═════ EXERCISE DATA
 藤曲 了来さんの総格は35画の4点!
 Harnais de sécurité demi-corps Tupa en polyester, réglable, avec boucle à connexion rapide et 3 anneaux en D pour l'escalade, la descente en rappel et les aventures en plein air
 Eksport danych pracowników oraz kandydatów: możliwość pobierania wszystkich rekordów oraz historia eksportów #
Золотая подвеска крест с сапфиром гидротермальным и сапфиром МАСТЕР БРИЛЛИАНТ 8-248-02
══════════
═════ EXERCISE DATA
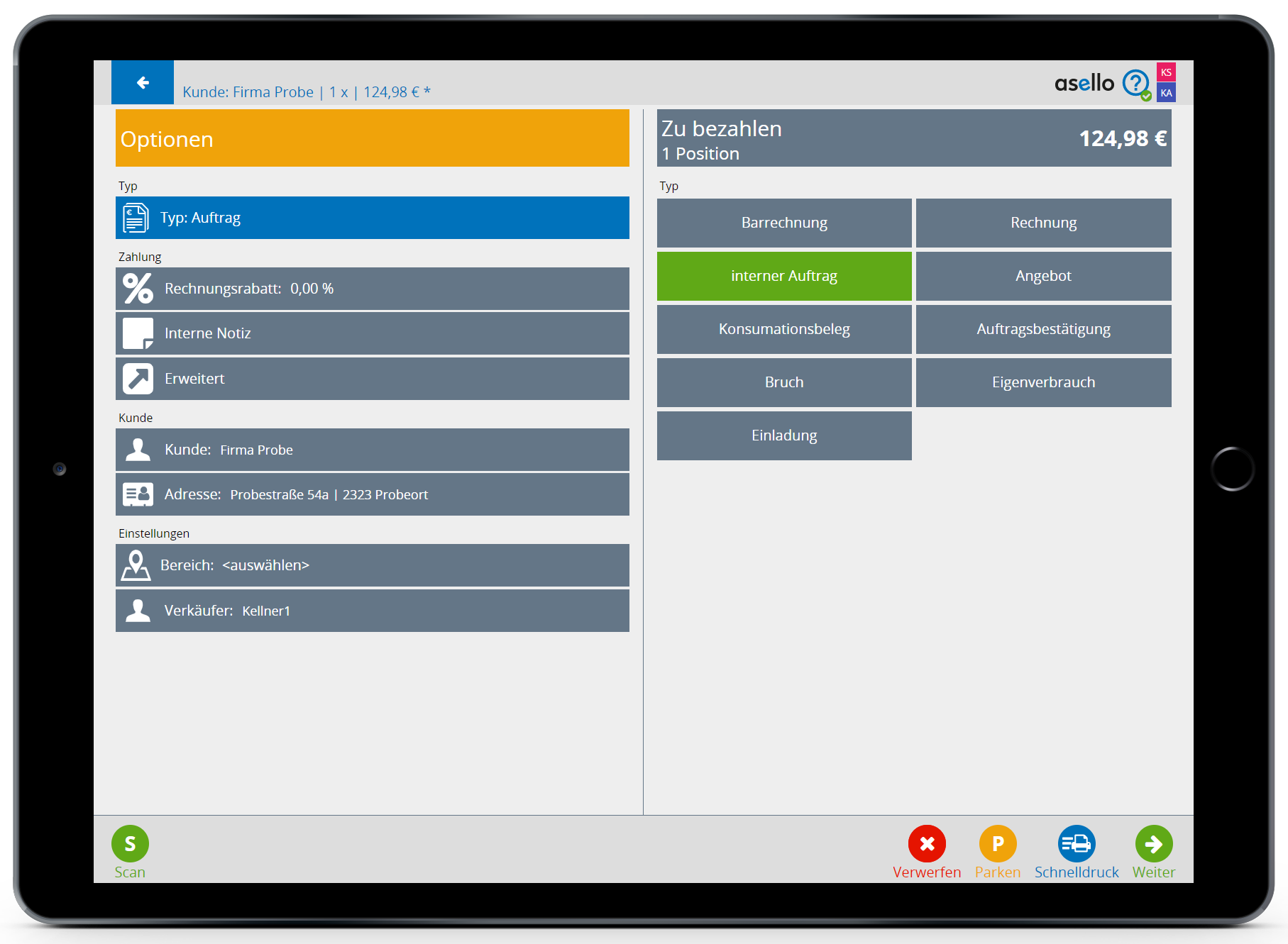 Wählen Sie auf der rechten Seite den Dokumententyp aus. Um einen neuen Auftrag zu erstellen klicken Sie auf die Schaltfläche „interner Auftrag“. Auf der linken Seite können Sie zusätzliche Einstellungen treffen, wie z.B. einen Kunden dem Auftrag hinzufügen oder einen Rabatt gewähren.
══════════
═════ EXERCISE DATA
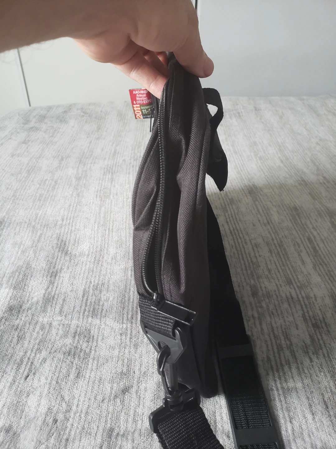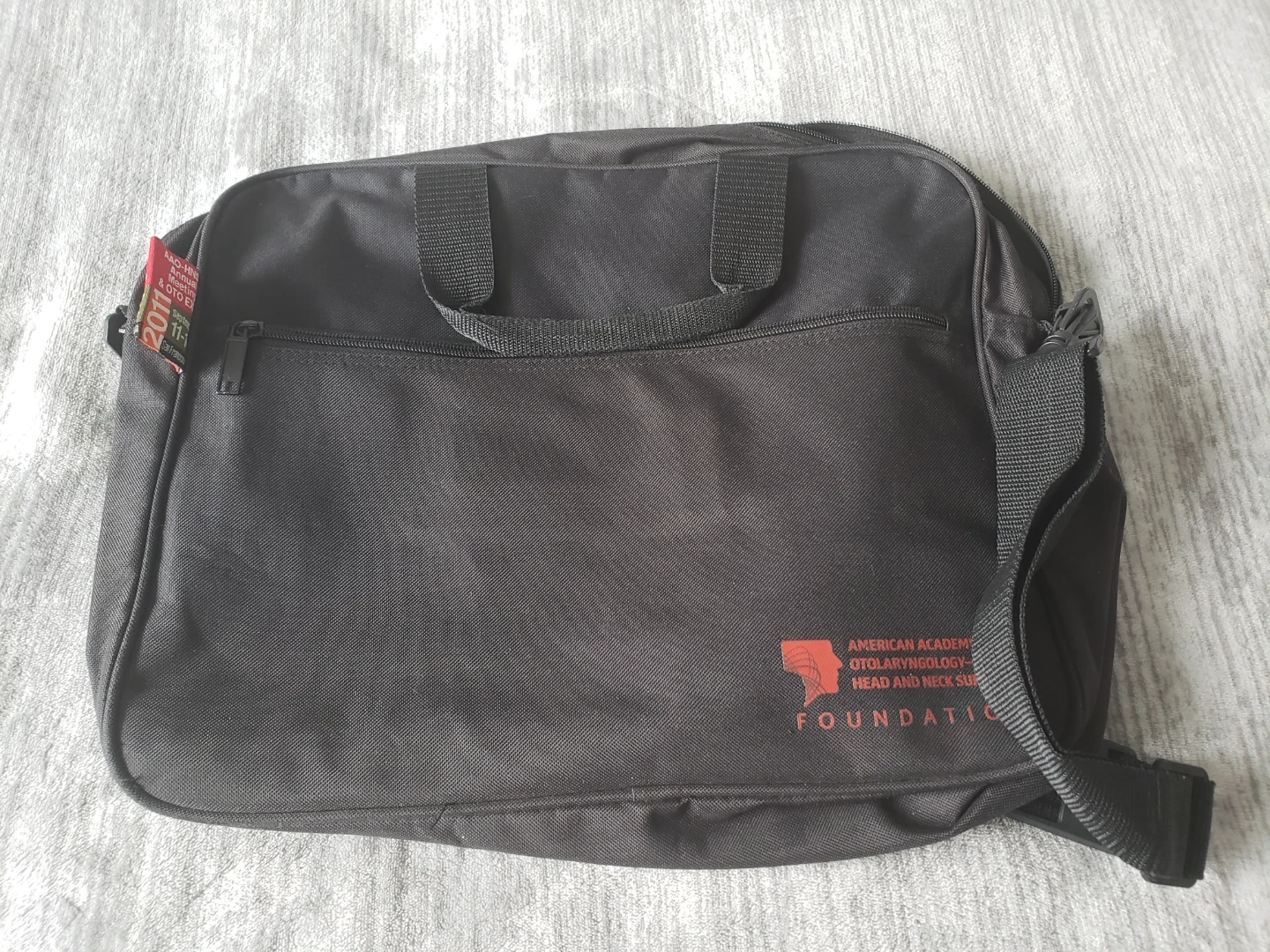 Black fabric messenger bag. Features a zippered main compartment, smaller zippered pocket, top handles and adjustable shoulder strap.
══════════
EXERCISE PROMPT — Both end lines included, restate word for word the lines above from the line with "Eksport danych pracowników" to the line with "Золотая подвеска крест", and nothing else.

TASK ANSWER —
 Eksport danych pracowników oraz kandydatów: możliwość pobierania wszystkich rekordów oraz historia eksportów #
Золотая подвеска крест с сапфиром гидротермальным и сапфиром МАСТЕР БРИЛЛИАНТ 8-248-02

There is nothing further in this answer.